Can be moved downward to adjust the vertical position of the detection needle tip 30. The position of the detection needle tip 30 is easier to set in the first embodiment in which one position of the adjusting plate 15 is fixed by the fixing screw 22 than in the second embodiment in which three adjusting screws 21 are provided.

-Effects of the Invention- For the reason explained in the above-mentioned action section, the position detector of the present invention makes it extremely easy to set the initial position of the tip of the detection needle after assembling, so that the initial position of the tip of the detection needle can be set easily. It is also possible to set more accurately. Further, according to the configuration of the present invention, it is not necessary to provide a screw or the like on the bottom surface of the housing, so that a space for mounting the dustproof cover at the tip of the housing is secured, the diameter of the housing can be reduced, and the detector can be made more compact.

Furthermore, since the adjustment plate that regulates the stable position of the detection needle is held at the set position under high support rigidity with internal stress remaining, the repeatability of the stable position of the detection needle is high, and therefore high-precision position detection is possible.

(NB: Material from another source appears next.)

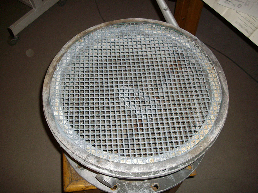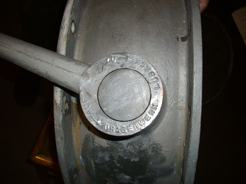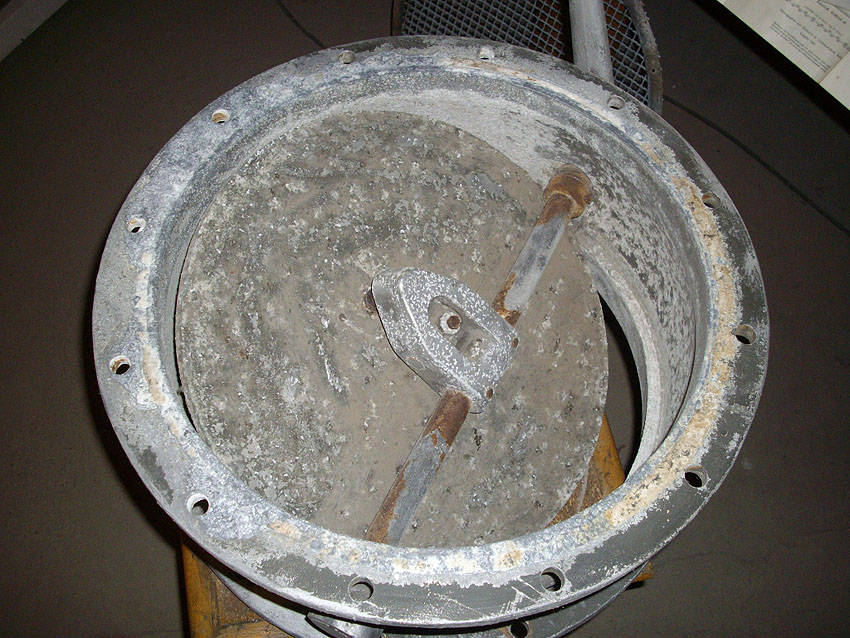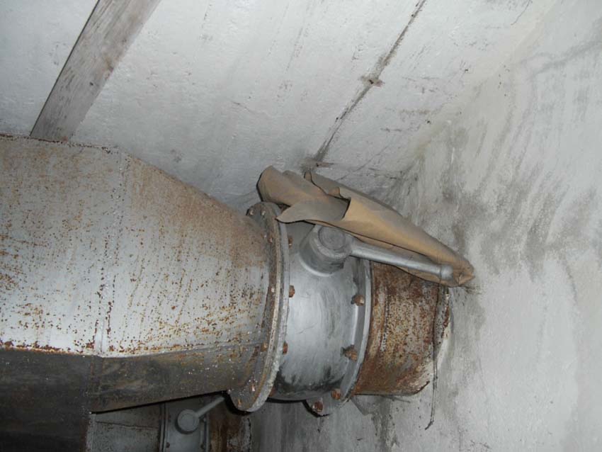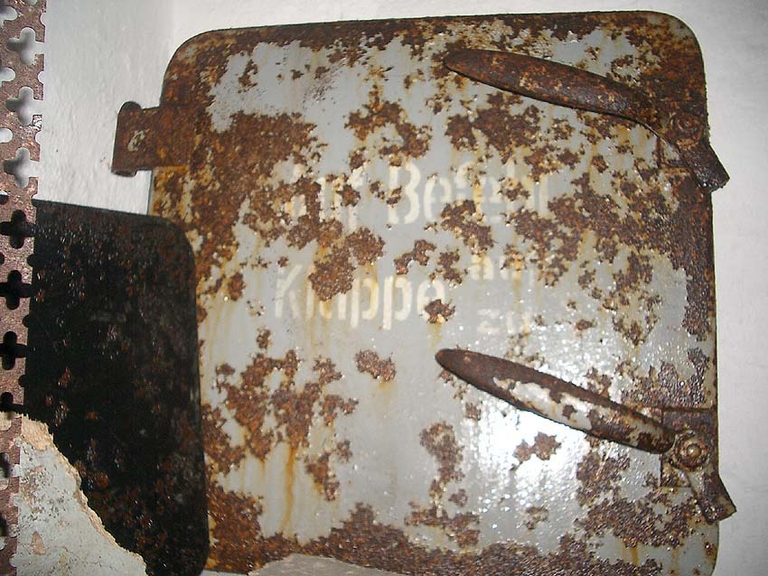 In den Truppenmannschaftsbunkern befanden sich meist zwei Arten von Druckschutzklappen vor den inneren Lüftungsschachtmündungen. Die kleinere Version für die Schächte mit geringerem Querschnitt, sowie nicht ganz so häufig wie die kleinere Version im Bunker vertreten die größere Version für die Lüftungsschächte mit großem Querschnitt. Hergestellt wurden die Klappen meist durch die Stahlbaufirma Klement und Sohn. Hier abgebildet ist eine der größeren Schutzklappen.

Can be provided.

[Brief description of drawings]

FIG. 1 is a sectional view showing a first embodiment of the present invention, FIG. 2 is a plan view showing the fixing structure of the adjusting plate of FIG. 1, and FIG.
FIG. 4 is a cross-sectional view schematically showing a conventional structure, and FIG. 4 is a cross-sectional view of a main part showing an embodiment. In the figure, 1: Housing, 7: Detection needle 12: Base plate (base of detection needle) 13: Compression coil spring, 14: Disc spring 14a: Compression coil spring, 15: Adjustment plate 18: Support pair, 21: Adjustment screw 22: Fixing screw, 23: Tapered surface 23a: Conical surface, 30: Detection needle tip

Claims (1)

[Claims] 1. A position detector for measuring the position or surface shape of an object to be measured by bringing the tip of a detection needle (7) elastically supported at a stable position by a first spring (13) into contact with the object to be measured. In the above, the housing (1) for supporting the detection needle is internally provided with the adjusting plate (15), and the detection needle has the base (12) of the first spring through the plurality of support pairs (18). The adjusting plate is elastically supported by the adjusting plate, and the adjusting plate has a taper surface (23) on its peripheral surface, and a plurality of radial adjusting screws (21) screwed into the housing to press the taper surface. )
And the second springs (14) and (14a) for urging the adjusting plate in the direction in which the tapered surface has a smaller diameter, the adjusting plate is fixed at a fixed position in the housing, and position detection is performed. vessel.